Can anyone assist with the maths involved?

Many thanks.

A: 

It may not be mathematically optimal, but you could de-compose the camera to look-at vector into three vectors - two that define the horizontal plane, and the up vector.

To get the horizontal plane, you can get one vector as the cross product of the up vector and the camer to look-at vector. You can then get the other orthogonal vector by taking the dot product of up and the vector just found. Don't forget to normalize your three vectors.

Next take the dot product of your camera to look-at vector with your three vectors, and now do the rotation about the horizontal plane (treating your vectors as though they were the coordinate axis).

Sorry for putting it all in words.
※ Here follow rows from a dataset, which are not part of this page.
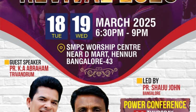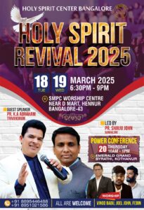 ബാംഗ്ലൂർ: ഹോളിസ്പിരിറ്റ് സെന്റർ ബാംഗ്ലൂർ സഭയുടെ ആഭിമുഖ്യത്തിൽ ഹോളി സ്പിരിറ്റ് റിവൈവൽ 2025 കൺവൻഷൻ, മാർച്ച് 18,19 തീയതികളിൽ, വൈകിട്ട് 6.30 മുതൽ 9 മണി വരെ ഹെണ്ണൂർ ഡി.മാർട്ടിനു സമീപം എസ് എം പി സി വർഷിപ് സെന്ററിൽ നടക്കും.
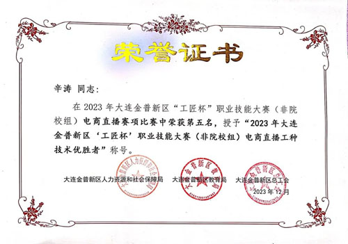 2023年大连金普新区“工匠杯”职业技能大赛成绩公布,双迪股份三名参赛选手在电商直播赛事中取得第一名、第三名、第五名的好成绩。分别荣获电商直播工种技术标兵、技术能手、技术优胜者荣誉称号。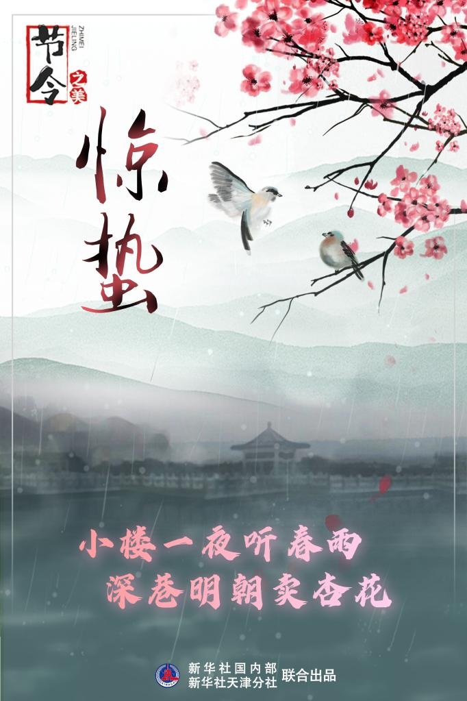“烟雨湿阑干,杏花惊蛰寒。”3月5日迎来惊蛰节气,古称“启蛰”,标志仲春开始。此时节,推开窗,明丽的春色映入眼帘。这惹人的春色藏在乍响的雷声、初绽的桃花和忙碌的农耕中,也藏在那一首首唯美的古诗中。这一抹抹春色在字里行间流淌,令人沉醉。

I hope this helps.

Matthias Wandel
+1  A: 

You could make a point infront of the camera, then rotate that around the camera (using trig) and use your lookat() to rotate the camera.

This wont work once you have to start using roll (rotation around the Z). So you might wanna create a quaternion based camera class. This link helped me: gpwiki.org/Quaternion...

tm1rbrt
A: 

Basically you visualize a local coordinate system for your camera.

The local Z is the lookat vector (from the camera center to the lookat point) and is "into the screen". The local Y will be toward the up of the screen. If you maintain your camera up vector perpendicular to the camera lookat vector, then the up vector is also the local Y. The local X will be normal to the two other axes (it is their cross product after their normalization).

Rotating left-right is a matter of rotating the lookat vector about the local Y axis (yaw). Rotating up-down is a matter of rotating the up vector and the lookat vector about the local X axis (pitch). "Tilting the head" left-right is a matter of rotating up vector about the local Z axis (bank).

Each time you change the lookat vector or the up vector, you need to recompute the local axes.